PETALING JAYA: The elimination of the overhang of future leverage increase following the cancellation of the proposed C$36bil (RM124bil) Pacific NorthWest liquefied natural gas (LNG) project in western Canada, is credit positive for Japan Petroleum Exploration Co (Japex) said Moody’s Investor Service.
The ratings agency said that it previously had not incorporated the full magnitude of the potential increase in leverage in its assessment on Japex, a minority owner of the planned facility, given the event risk entailed amid the low gas price environment and uncertainty around timing.
Japex has a 10% stake in the Pacific NorthWest LNG project consortium.
On July 25, 2017, Pacific NorthWest LNG, which is majority-owned by Petroliam Nasional Berhad (Petronas), announced it had scrapped plans to build the LNG export facility in British Columbia given low LNG prices.
“The elimination of the overhang of future leverage increase is credit positive for Japex.

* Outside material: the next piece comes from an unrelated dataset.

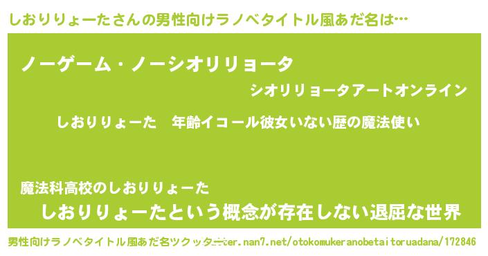 | 伝説のあだ名 | 『救世主となる錬金術士しおりりょーた』 |
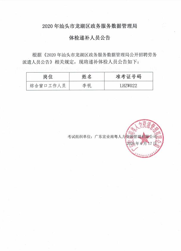 2020年汕头市龙湖区政务服务数据管理局体检递补人员公告

“The project cancellation nonetheless comes as Japex is seeking to reduce its reliance on exploration and production, integrate its upstream and downstream businesses and expand its power-generation operations.
“Japex had planned to export the gas that would be liquefied at this site to its Soma LNG terminal in Fukushima, Japan,” it said in a statement yesterday.
The Soma LNG terminal is scheduled to begin operations in March 2018 to leverage the company’s gas-pipeline infrastructure in Northern Japan and to fuel natural-gas power generation at Soma Port.
“By not engaging in the LNG project, Japex’s future leverage would be lower than if it proceeded with the project.
“Still, we think the company will seek other opportunities to diversify its business away from E&P under its medium-term business plan.
“We don’t rule out the possibility of large investments by Japex leading to rising debt levels, which would be credit negative,” it said.